I know that a magnetic dipole moment is given by $$\mu=\frac e{2m}I$$ and that the angular momentum is $$\frac {m_jh}{2\pi}.$$ However, I have also seen that angular momentum $I$ is given by $$I=\frac h{2\pi}\sqrt{l(l+1)}.$$
What's going on here? Are both expressions for angular momentum right? Which one do I use to answer the question?
(This question was asked in a problem sheet that I have been asked to do over the vacation. See below for context of question).
Your expression "the angular momentum is $m_j \hbar$" (where $\hbar = h/2 \pi$) is incorrect. This quantity is the projection of the angular momentum on the $z$-axis; it represents the direction of the spin. This is why it corresponds to the $m$ quantum number, not the $\ell$ quantum number in the $| n \ell m \rangle$ basis.
Which angular momentum to use depends on what you're looking for. If you want simply the magnetic dipole moment, you use
$$ \mathbf{\mu} = \frac{-e}{2 m} \mathbf{L} $$ Here $\mathbf{L}$ is the total angular momentum operator.

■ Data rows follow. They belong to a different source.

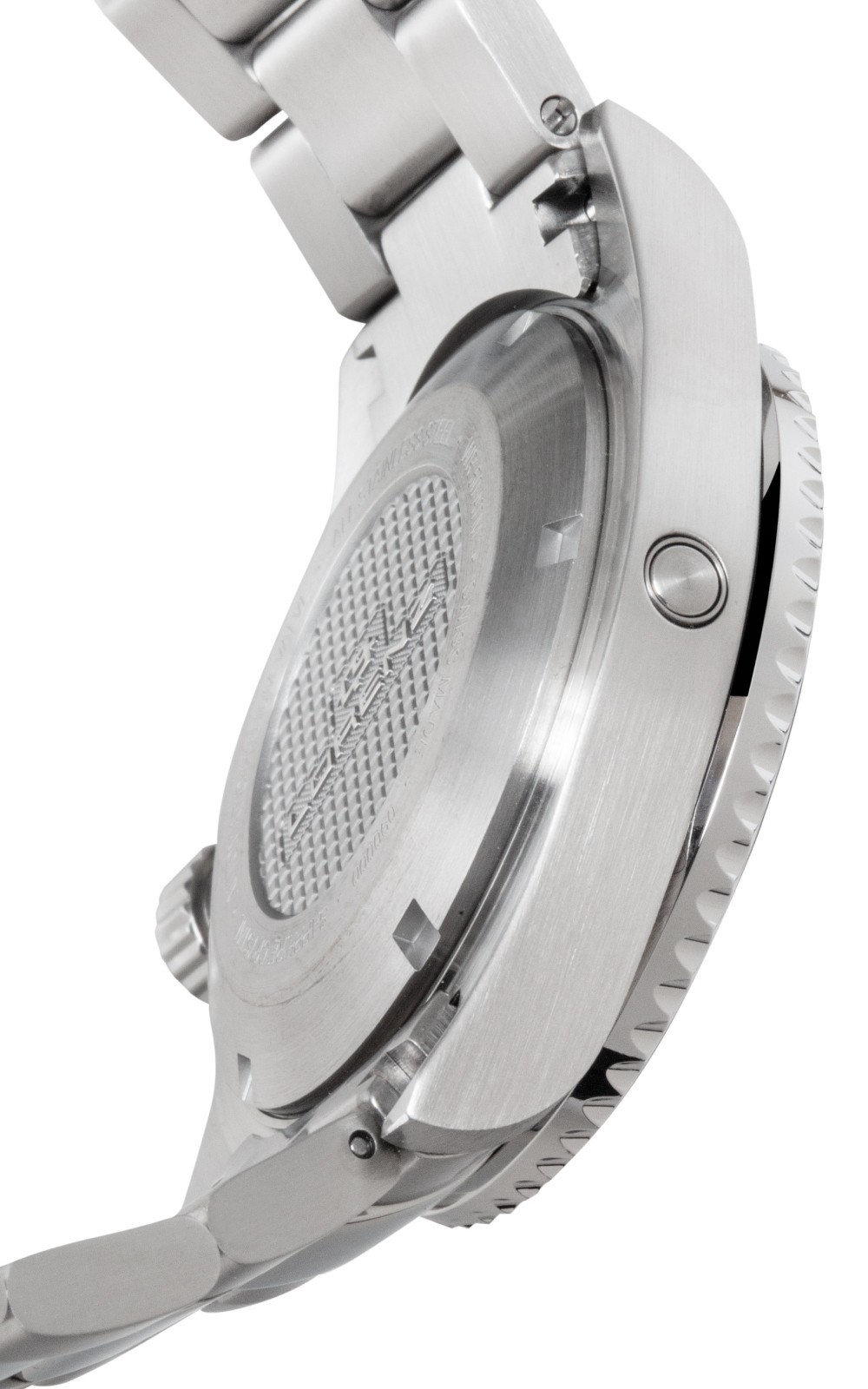 Orologio da polso solo tempo cassa rotonda in acciaio diametro 42 mm. con fondello a vite e vetro zaffiro. Cinturino in acciaio e con chiusura sportiva di sicurezza solida. Movimento automatico STP1-11. Resistente all’acqua fino a 500m.
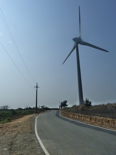 第一天 苗栗好望角 一早遊覽車集結完畢,便開上高速公路,輾轉來到中台灣沿海地區,從61號快速道路下,蜿蜒著小路,來到著名的風力發電機群四處散立的好望角 坡地。
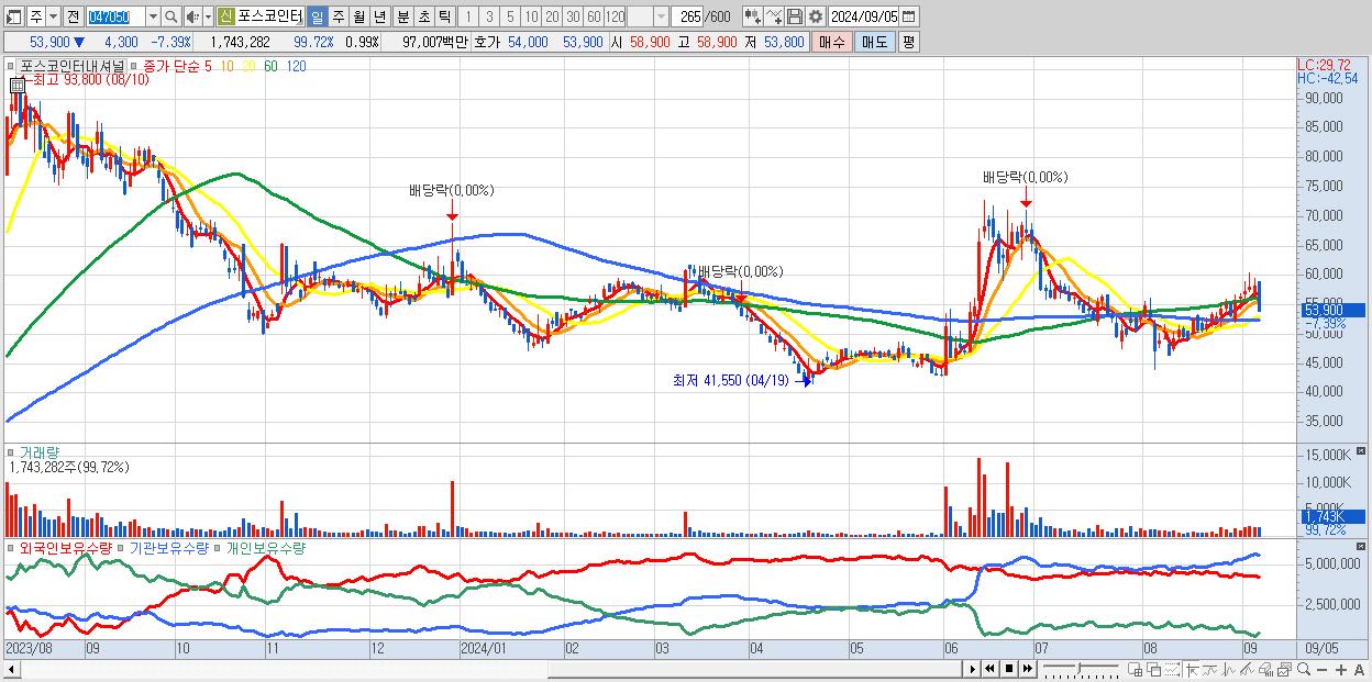 - 포스코인터내셔널 (53,900원 ▼ -7.39% , 시총: 94,822억, 거래량: 1,743,282, 거래대금:970억)

Its full expression is a vector, but the eigenvectors of its square are $\hat{L}^2 | n \ell m \rangle = \hbar^2 \ell( \ell + 1) | n \ell m \rangle$. However, it's very possible that the problem you're doing wants some sort of energy due to the interaction of the dipole with a magnetic field, which is given by $\mathbf{ \mu \cdot B}$. If the magnetic field is taken to be in the $z$-direction, as it often is, this reduces to: $$ E =\frac{-e}{2m} B L_z $$ Now what you want is indeed the projection on the $z$-axis, and the operator $L_z$ does have the eigenvalues you mention, $\hat{L}_z | n \ell m \rangle = m \hbar | n \ell m \rangle$.